In Fermanagh, workers walked out as part of a long-running dispute over pay and job grading.
The Education Authority (EA) said the strike action would “cause significant disruption” to special schools.
It said about eight schools were expected to close and five to partially close, and would result in about 250 EA (yellow) buses not running. It would also impact about 20 per cent of children entitled to a free school meal.
Only a pay and grading review would lead to improved pay scales and wages.
“School support workers in Northern Ireland have been left behind – they are underpaid, suffering a staffing crisis and the equality issues at the root of the pay and grading review remain unaddressed,” Unite general secretary Sharon Graham said.
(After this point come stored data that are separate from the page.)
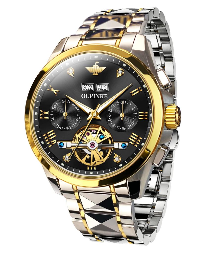 Men's stylish business watch, automatic movement, tungsten tungsten crystal, sapphire crystal, 5 ATM water resistance, calendar function, luminous
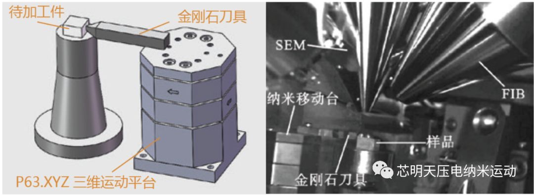 压电纳米定位系统控制刀具缓慢向待加工件表面移动,直至接触,并记录位置,再次移动刀具至加工点,预切削后,再通过压电纳米定位系统控制刀具进行纳米级车削。
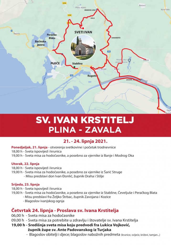 U četvrtak 24. lipnja ispred crkve sv. Ivana na Zavali u zapadnoj Plini svete mise su u 6, 9 i središnja u 19 sati koju predslavi župnik Župe sv. Ante Padovanskog iz Turjaka fra Lukica Vojković. Nakon mise je blagoslov obitelji, djece i nabožnih predmeta.
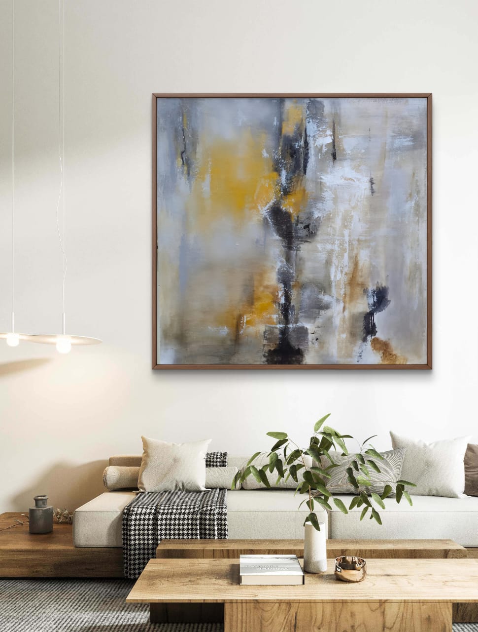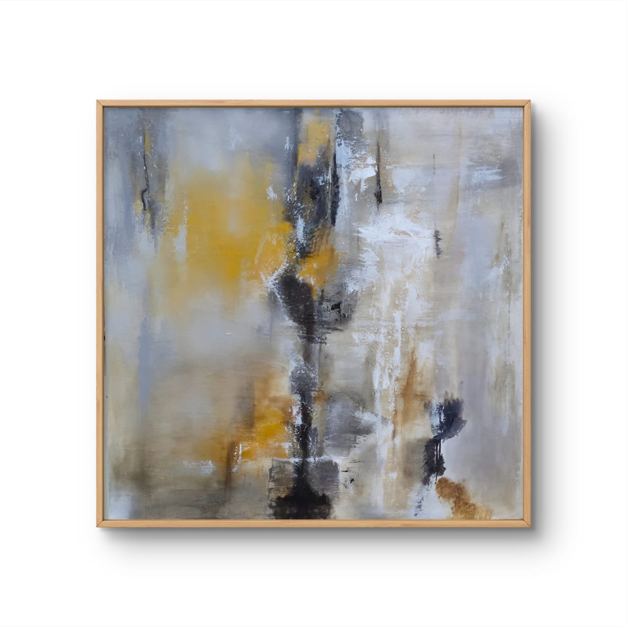 Elevate your space with "Monochrome Radiance," an exquisite abstract painting that seamlessly blends vibrant yellow, sophisticated grey, and bold black against a crisp white backdrop. This striking piece not only serves as a captivating focal point but also infuses your environment with a sense of modern elegance and creativity. Perfect for any room, it invites conversation and inspires imagination, making it an essential addition to your art collection.

“Our members working as school support workers have the full and continued backing of Unite in their fight to secure implementation of this long overdue review.”
School support staff are among the lowest paid in the education system.
Some jobs for classroom assistants are currently advertised by the EA at about £12 per hour.
Jobs for school bus drivers and catering staff are available at roughly the same hourly rate.
“We are calling on MLAs to sign a pledge that they will vote down any budget that does not include funding to deliver the pay and grading review,” Unite regional officer Kieran Ellison said.
“After six years of waiting, education workers in Northern Ireland have had enough. MLAs must now deliver for low-paid school support workers and the children, including special educational needs children, they assist.”
It now comes down to the 2024/25 Stormont budget.
“We remain fully committed to delivering the pay and grading review,” an EA statement said.
“However, we simply don’t have the money to proceed at this time and a resolution is outside of our control.”